[Data items]
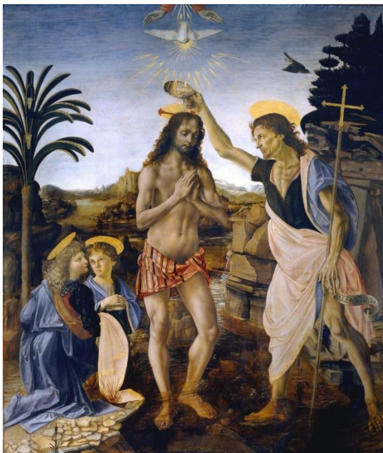
Opera: Verrocchio (con Leonardo da Vinci), Battesimo di Cristo , 1475-1478, Uffizi, Firenze, tempera su tavola.
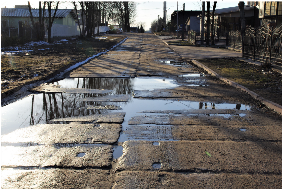
Ul. Komunalna. Przykład załamania płyt betonowych w wyniku utraty nośności podłoża.

Wykonanie nakładki bitumicznej na istniejącej podbudowie z płyt betonowych (odcinek od km 0+150 do 0+390,2) nie jest wskazane z uwagi na niedostateczną trwałość podbudowy oraz brak prawidłowego odprowadzenia wody z nawierzchni. Istniejąca podbudowa wymaga przeprowadzenia częściowej przebudowy z wykorzystaniem istniejących płyt w celu dostosowania jej parametrów do funkcji podbudowy zasadniczej pod przyszłe warstwy bitumiczne. Projekt przebudowy płyt nie jest objęty niniejszym opracowaniem.
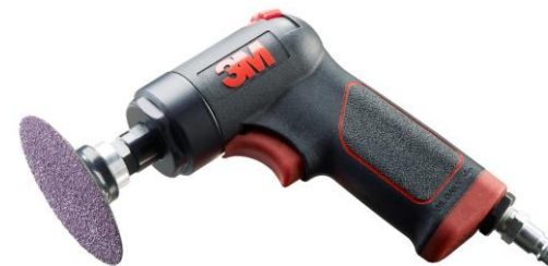
3M™ 33577 Пневматическая угловая зачистная машинка для кругов 50 мм и 75 мм

ПОЛУЧИ ПОДАРОК 3M™ Пневматическая угловая машинка
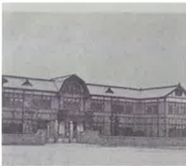
聾学校 昭和 9 年(1934 年)
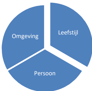
Figuur 2 Determinanten van gezondheid

nemers bij aan hun inzetbaarheid. Een slechte gezondheid of ziekte kan er toe leiden dat werknemers (tijdelijk) minder productief zijn op hun werk en dat zij niet meer inzetbaar zijn of niet lang inzetbaar blijven op de arbeidsmarkt.
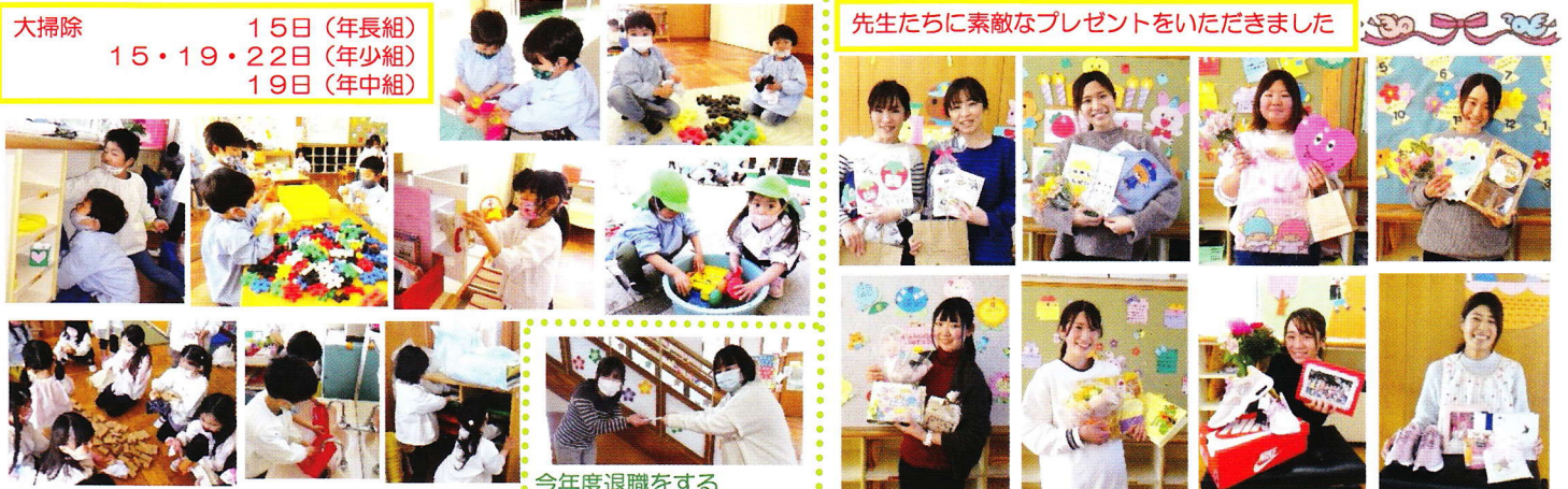
一年間過ごしたお部屋や外のおもちゃの大掃除をしました きれいになりましたね

PROMPT: Each record above should be copied character for character, with pictures dropped.

RESULT OF THIS TASK:
Opera: Verrocchio (con Leonardo da Vinci), Battesimo di Cristo , 1475-1478, Uffizi, Firenze, tempera su tavola.
Ul. Komunalna. Przykład załamania płyt betonowych w wyniku utraty nośności podłoża.

Wykonanie nakładki bitumicznej na istniejącej podbudowie z płyt betonowych (odcinek od km 0+150 do 0+390,2) nie jest wskazane z uwagi na niedostateczną trwałość podbudowy oraz brak prawidłowego odprowadzenia wody z nawierzchni. Istniejąca podbudowa wymaga przeprowadzenia częściowej przebudowy z wykorzystaniem istniejących płyt w celu dostosowania jej parametrów do funkcji podbudowy zasadniczej pod przyszłe warstwy bitumiczne. Projekt przebudowy płyt nie jest objęty niniejszym opracowaniem.
3M™ 33577 Пневматическая угловая зачистная машинка для кругов 50 мм и 75 мм

ПОЛУЧИ ПОДАРОК 3M™ Пневматическая угловая машинка
聾学校 昭和 9 年(1934 年)
Figuur 2 Determinanten van gezondheid

nemers bij aan hun inzetbaarheid. Een slechte gezondheid of ziekte kan er toe leiden dat werknemers (tijdelijk) minder productief zijn op hun werk en dat zij niet meer inzetbaar zijn of niet lang inzetbaar blijven op de arbeidsmarkt.
一年間過ごしたお部屋や外のおもちゃの大掃除をしました きれいになりましたね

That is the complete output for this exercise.